Hasta hace apenas un siglo la increencia era un fenómeno casi excepcional en el marco de una sociedad que mayoritariamente creía en Dios o en Jesucristo. Pero el mundo ha cambiado, no quiero decir si para bien o para mal, pero el hecho es que hoy creer parece algo extraño, cuando no rechazable o incluso risible para muchos.
Fundamentalmente las razones de la increencia actual se basan en el rechazo de un Dios dueño y señor absoluto de los destinos humanos que impone soberanamente su voluntad e impide la libertad del ser humano, que queda reducido a un mero ejecutor de consignas o planes que le llegan desde el exterior. Estas razones, por otra parte nada nuevas, descansan en una imagen falsificada de Dios, indudablemente utilizada por algunos y promovida desde la misma comunidad eclesial. Sin embargo hoy, es importante hacer ver, a base de convicciones y testimonios, que Dios respeta profundamente la libertad y la creación, pues esto es condición indispensable para el comienzo de una verdadera conversión cristiana y un camino maduro de fe.
La recuperación de una imagen correcta de Dios comienza por el rescate de Jesús, un hombre enteramente libre frente a los poderes políticos y religiosos de su tiempo, y liberador histórico de pobres y oprimidos. Jesús actúa así por su fe en Dios, a quien anuncia y revela. Dicho de otro modo: Jesús es el rostro humano de Dios.
Jesús invoca a Dios como Padre y de este modo se reconoce Hijo, no esclavo, para manifestar que a Dios se le debe amor, no temor o miedo. Entre nosotros ha prevalecido la imagen de un Dios terrible, dominante y vengativo, no la del Dios de Jesús, revelado en las Evangelios, en el obrar y vivir del propio Jesús. Que importante es recuperar a Jesús, volver a ponerlo una y otra vez en el centro de nuestra fe, sin cosificarlo ni manipularlo, o alejarlo a un cielo distante para que otras mediaciones ocupen su lugar. Al recuperar el rostro liberador de Jesús estaremos también revisando en profundidad nuestras imágenes de Dios, llevados por el impulso transformador del Espíritu, en cada uno de nosotros y en toda la comunidad eclesial.
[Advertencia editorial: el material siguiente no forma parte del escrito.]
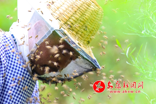 初夏,走進(jìn)漢濱區(qū)茨溝鎮(zhèn)營盤埡村四組中華蜂養(yǎng)殖園,青山環(huán)繞,溪水潺潺,百花綻放。河對(duì)岸山坡空地里,一排排密密麻麻、錯(cuò)落有致的蜂箱引人注目!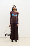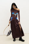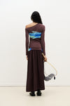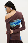 The fish motif is abstracted into sculptural, crocheted impressions that wrap across the chest in textured, organic shapes, blending the fluidity of nature with the structure of the body. Water, a central theme, is explored through texture and print. A pattern inspired by light reflections on rippling water evokes both movement and serenity, capturing nature’s energy in fabric.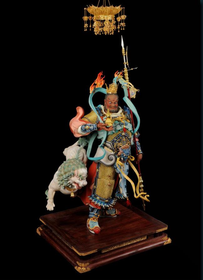 作品繼承了唐宋以來傳統(tǒng)彩塑技藝與藝術風格。此組造像中天王頭戴天冠,面色端嚴,身著金色鎧甲,內(nèi)襯天衣,左手執(zhí)戟,右擎寶塔,身后奔騰一咆哮綠鬃白獅,從天而降,威震八方,一派天將風范。

Hablamos de Dios con términos vinculados al poder, mientras que nos referimos a nosotros con imágenes de servidumbre; así están concebidas, lamentablemente, muchas oraciones litúrgicas recientes. Volvemos a perder unas formas más cercanas y comprensibles, fruto del Concilio Vaticano II, para rescatar el lenguaje formal, distante y jurídico de un tiempo que ya hace mucho quedó atrás.
Este domingo 12 del año litúrgico habla acerca de los combates de la fe, de las pruebas que hay que pasar cuando nos convertimos en testigos del Resucitado. Es Él quien nos dice: "No tengan miedo a los que matan el cuerpo, pero no pueden matar el alma... No tengan miedo" (Mateo 10, 26.33). Pensando en todo lo anterior, descubro lo importante y vital que resulta para nuestra "salvación" ir más allá de esas imágenes y formas, fáciles y baratas, de concebir la religión, para encontrarnos cara a cara con un Señor y Maestro, que nos muestra el corazón inmenso de nuestro Padre del Cielo.
(A partir de ideas tomadas del Misal de la Comunidad).